К концу недели мы собрали вещи для поездки в Шамби.
— После того что случилось, — сказала я, — не думаю, что будет разумно следовать намеченному плану.
— Возможно, — согласился Эрнест. Его голос звучал устало. — А что ты предлагаешь?
— Может, вернемся в Париж?
— Но будет только хуже, разве не так?
— В таком состоянии Рождество не в радость. Все так плохо. Может, пора подумать о возвращении домой?
— В Штаты? Признать свой провал? Ты хочешь убить меня?
— Прости. Трудно понять, как жить дальше.
— Да, — сказал он и, взяв «Корону», бережно уложил ее в чемодан и защелкнул замок. — Действительно, трудно.
Приехав в Шамби, мы увидели, что там все по-старому. Шале было отличным, точно таким, как раньше. Не изменились и покрытые снегом горы, и наши хозяева, семейство Гангвиш, — они встретили нас так, словно мы были давно не навещавшими их родственниками. После ужасных недель в Лозанне все было так приятно, что мы сдались. Даже не распаковав вещи, надели лыжные костюмы и сели на последний поезд в горы, идущий в Лез Авантс. Солнце уже садилось, когда мы встали на лыжи и понеслись по заснеженному склону к деревушке. Ветер свистел в ушах и обжигал щеки; Эрнест ехал впереди — на его больном колене была тугая черная повязка. Он старался оберегать колено, но в общем двигался легче, чем прежде. С радостью я послала благодарность снегам, и небу, кремовый цвет которого окрашивался разными оттенками розового, и Женевскому озеру вдали — плоскому и блестящему, как зеркало.

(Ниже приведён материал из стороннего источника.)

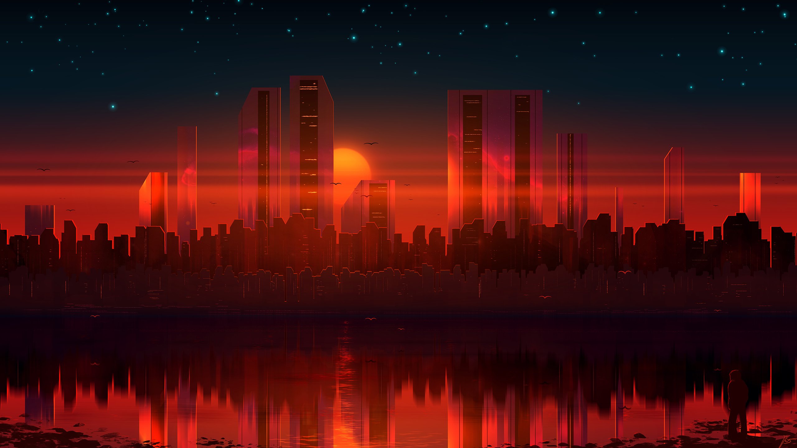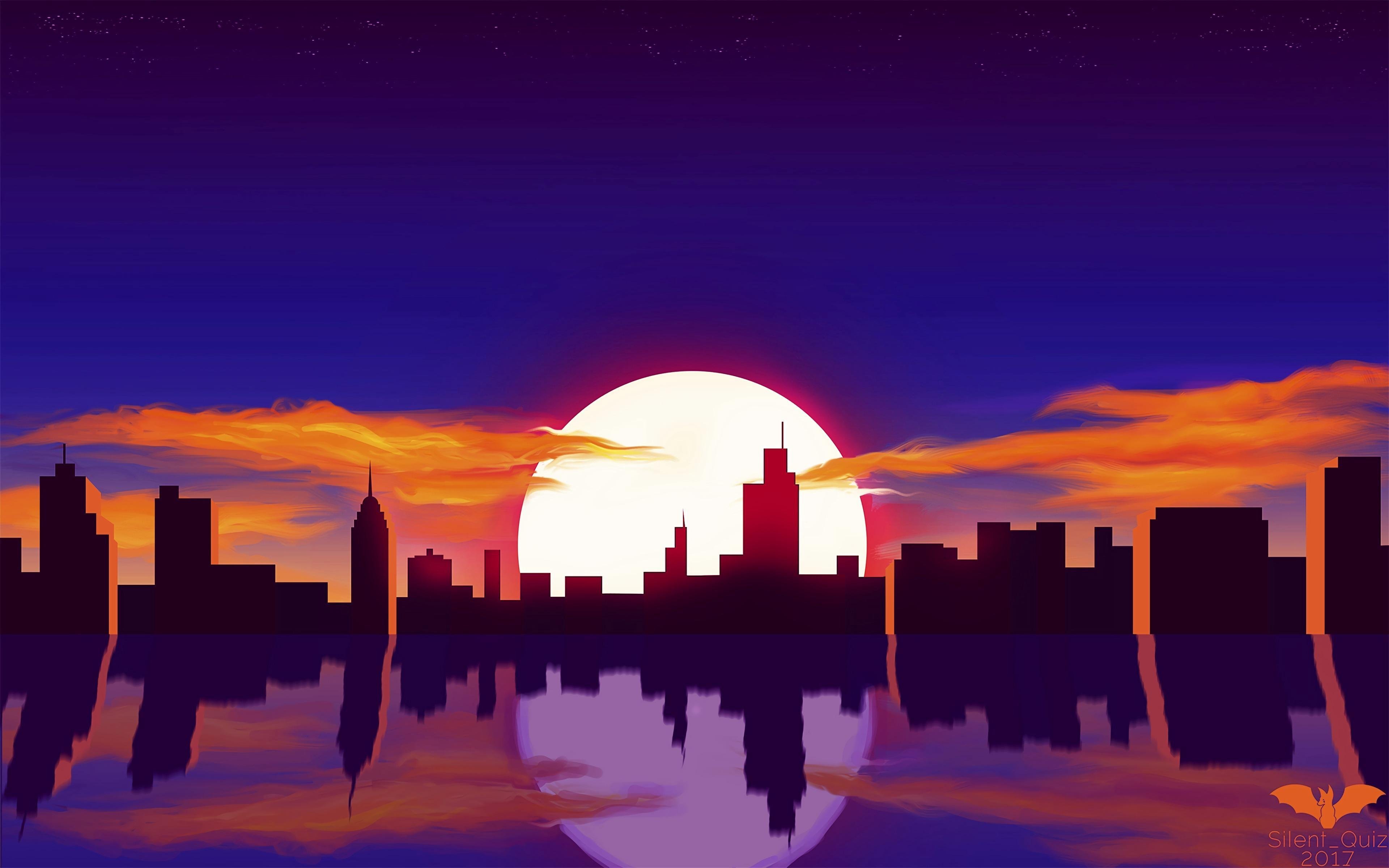 Город закат арт

На следующий день мы долго спали в нашей большой кровати с пологом и даже не слышали, как на цыпочках вошла служанка и развела огонь. Мы встали позже, когда комната уже нагрелась, а изразцовая печка весело потрескивала.
— Хорошо, что мы поехали сюда, Тэти. — Я прижалась к спине Эрнеста, целуя его шею и выступающие позвонки.
— Да, — согласился он. — Давай наслаждаться каждой минутой пребывания здесь и не думать ни о чем другом.
— Нет ничего другого, — сказала я и, перевернувшись, накрыла его тело своим, обхватив ногами плоский, твердый живот. Приподняв выше бедер ночную рубашку, я ввела его в себя.
Он застонал и закрыл глаза, полностью отдавшись наслаждению.
Чинк приехал на Рождество, и в результате праздник получился совсем не печальным. Для каждого, включая Чинка, повесили чулки с подарками, потом открыли их и устроили царский обед. И только поздно вечером, когда мы расположились у камина и выпитый бренди согревал наши тела, а еще не выпитый плескался в стаканах, Эрнест поведал другу ужасную историю пропавших рукописей.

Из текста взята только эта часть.